PRINCIPLES OF TOXICOLOGY

496 EXAMPLE OF RISK ASSESSMENT APPLICATIONS
Other important weight of evidence factors include the potential carcinogenic mechanism or
mechanisms of the chemical of concern. As considered by the USEPA, if the metabolism, toxicokinetics,
and carcinogenic mechanism of action of a chemical are similar in rodents and humans, the
weight of evidence for a carcinogenic effect of the chemical in humans is strengthened. Alternatively,
if data show that the results of animal studies are not relevant to humans, the weight of evidence for a
carcinogenic effect of the chemical in humans is weakened. As discussed above, recent data provide
an indication that rodent inhalation studies may not predict the carcinogenic potential of low-level
antimony trioxide exposure in humans.
The relevance of inhalation tests of high concentrations of particulate chemicals (such as antimony
trioxide) in rats to human exposures has been questioned in recent years. Recent data (Nikula et al.,
1997) indicates that the pattern of accumulation of particles in the rat lung is different from the same
particles in the lung of monkeys. Furthermore, the rat lung shows greater inflammatory response to
the particles than does the lung of the monkey. Because the lung of the monkey is structurally and
functionally much more like the human lung than the rat lung, the recent information suggests that the
relevance of high concentration inhalation studies in rats to humans should be reexamined.

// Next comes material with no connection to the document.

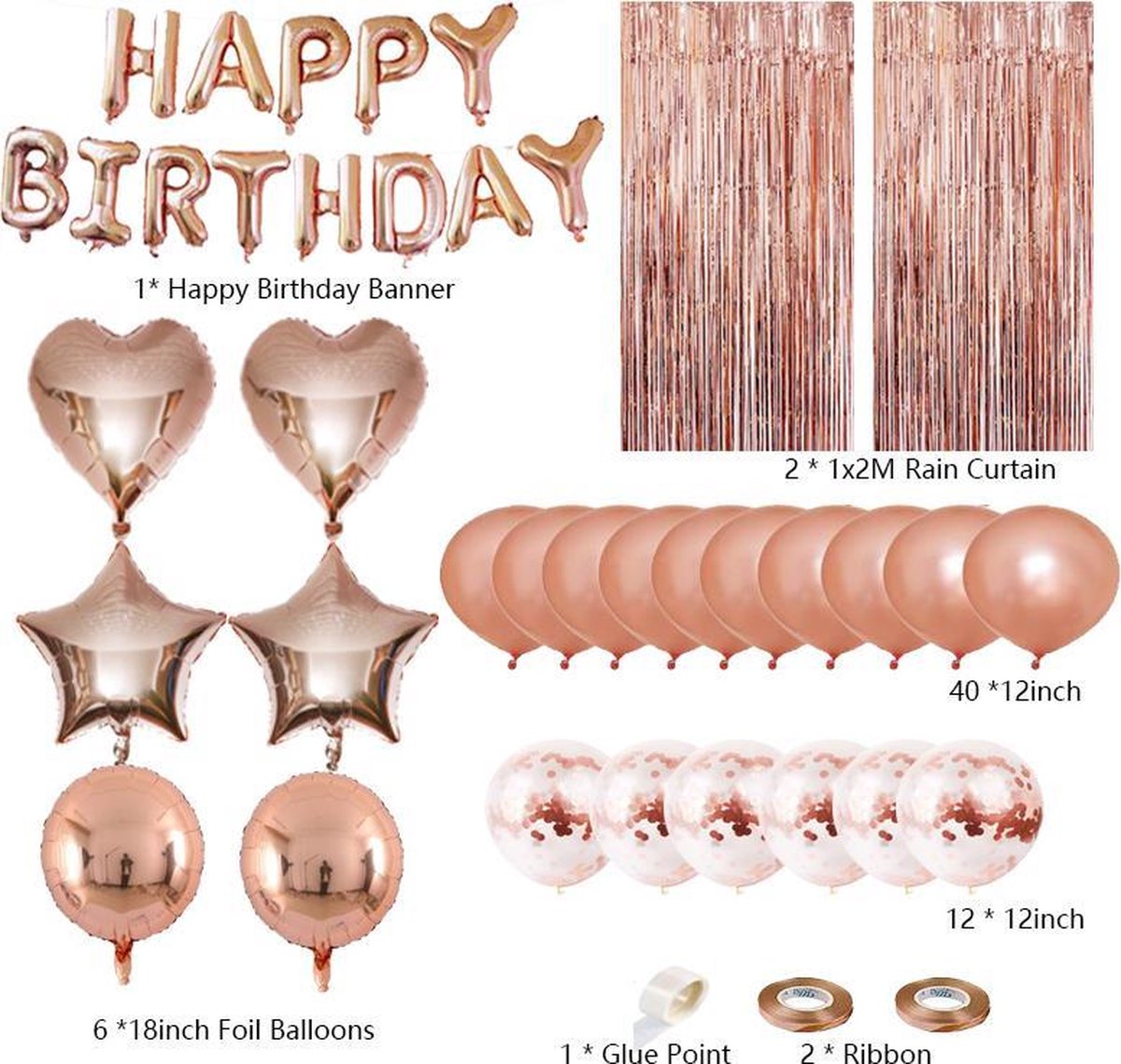 Rose Goud Verjaardag Versiering 79 stuks

Considered in total, the available evidence does not support a conclusion that inhaled antimony
trioxide is carcinogenic to humans. This conclusion is different from the weight-of-evidence conclusions
reached by IARC in 1989 and the State of California in 1990. However, these agencies did not
have the benefit of important and more recent studies that cast doubt on the carcinogenicity of antimony
trioxide and the relevance of rat inhalation studies of particulates in predicting carcinogenicity in
humans.
Comments
The reassessment of carcinogenicity data demonstrates the need for iteration in risk assessment and
its impact on antimony trioxide. The update of the toxicity assessment of antimony trioxide presented
above suggests that low levels of inhaled antimony trioxide are not carcinogenic to humans.
While current evidence indicates that low-level antimony trioxide exposure may not be carcinogenic
to humans, conservative public health policy may nonetheless require a risk assessor to assume that
antimony trioxide is a potential human carcinogen. Thus, the use of a threshold or a nonlinear method
to assess the possible carcinogenic effects of antimony trioxide may be a more reasonable alternative
to the “no threshold” linearized multistage model used in Proposition 65. While the term “nonlinear”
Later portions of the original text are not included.